You see? We can trivialize the notion of computation as much as we like, by
adding more and more layers of interpretation, or more demands on the right
usage of the program. It just doesn't make sense to pretend that this
trivalization actually is what computation is.
Sure, my example is a lot more useless than the CT notion of computation,
but it is the same principle. Abstracting and interpreting until we arrive
at a trivialization of the actual phenomenon.

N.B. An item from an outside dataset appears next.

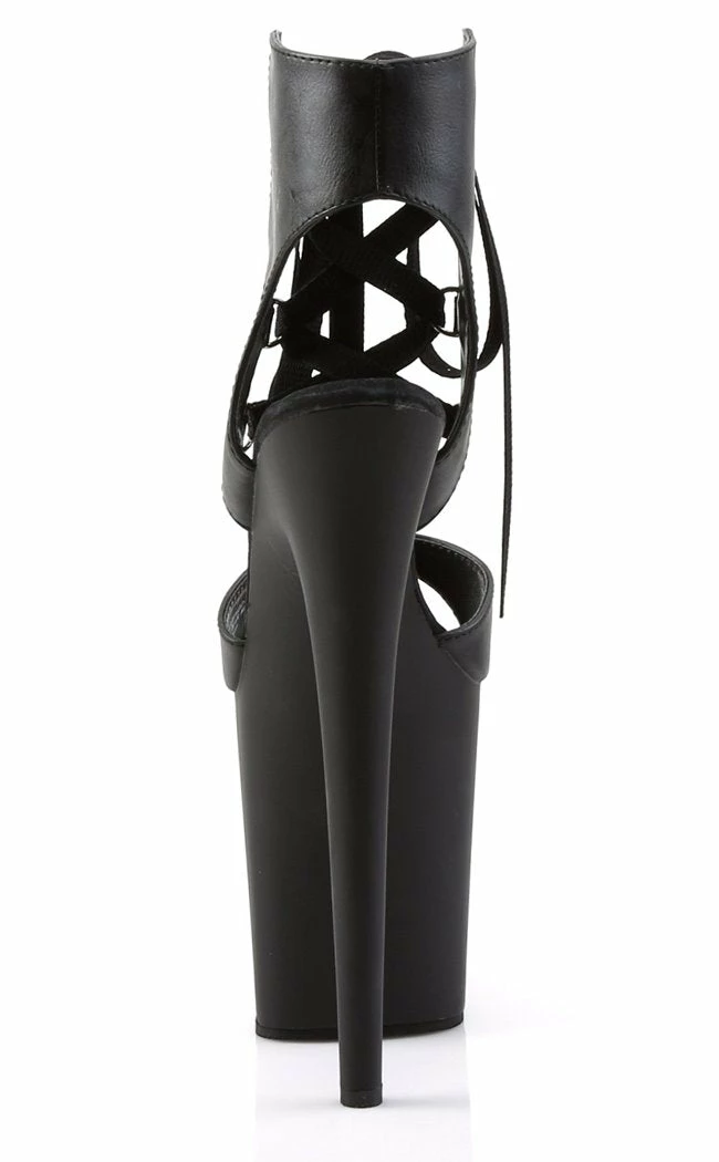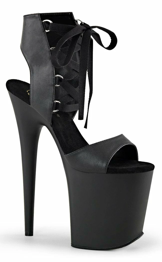 A bootie sandal with an 8″ Heel and a 4″ platform.Β A ribbon lace up front and peep toe are super cute, along with a cut out heel.
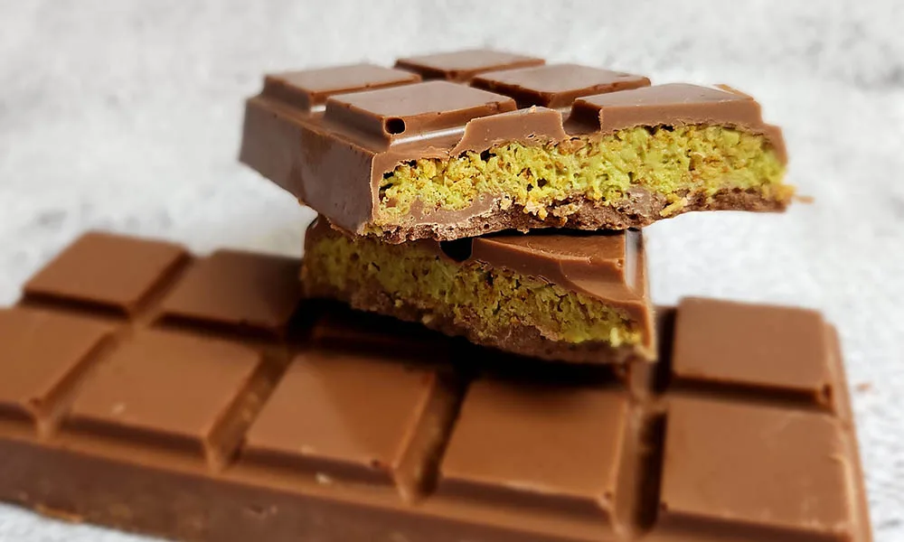 Geniet van je zelfgemaakte Dubai chocoladereep

A turing machine by itself simply doesn't emulate anything. We just provide
it input and interpret its output to emulate something *using* a turing
Only by senselessly abstracting away the crucial steps of encoding, decoding
and interpreting we arrive at the CT thesis.
By correctly interpreting, we can use any symbols for anything. We "just"
have to interpret them correctly. So this symbol tells you how to build an
very advanced AI: "°". Of course you still have to interpret what it means.

Jason Resch-2 wrote:
>> I get that we can simply use the Church-turing as the definition of
>> computation means. But why is it (mostly) treated as being the one and
>> only
>> correct notion of computation (especially in a computer science context)?
> I think it more comes into play in the a definition of a universal
> machine,
> than in the definition of computation.
> It is useful because it makes it easy to prove.  All you need to do is
> show
> how some machine can be used to emulate any other known turning universal
> machine.
Well, every machine that can output its input can emulate any turing
machine, only in a utterly trivial and useless way (just give it the correct
emulation as input).
The same really applies to turing machines on a different level. A turing
machine is indeed utterly useless to perform actual, complex, real life

Jason Resch-2 wrote:
> The only explanation I have is that it is dogma. To question it would
> change
>> to much and would be too "complicated" and uncomfortable. It would make
>> computation an irreducibly complex and relative notion or - heaven forbid
>> -
>> even an inherently subjective notion (computation from which
>> perspective?).
> Reverse engineering machine language code is very difficult, but there are
> automated programs for doing this that can provide much more readable
> program code.  Code too, can be difficult to grasp, (see
> http://www.ioccc.org/ for example), but in other cases, code is easy to
> understand.  I often prefer a snippet of example code to a notation-heavy
> mathematical formula.
OK, but I don't get the relation to what I wrote.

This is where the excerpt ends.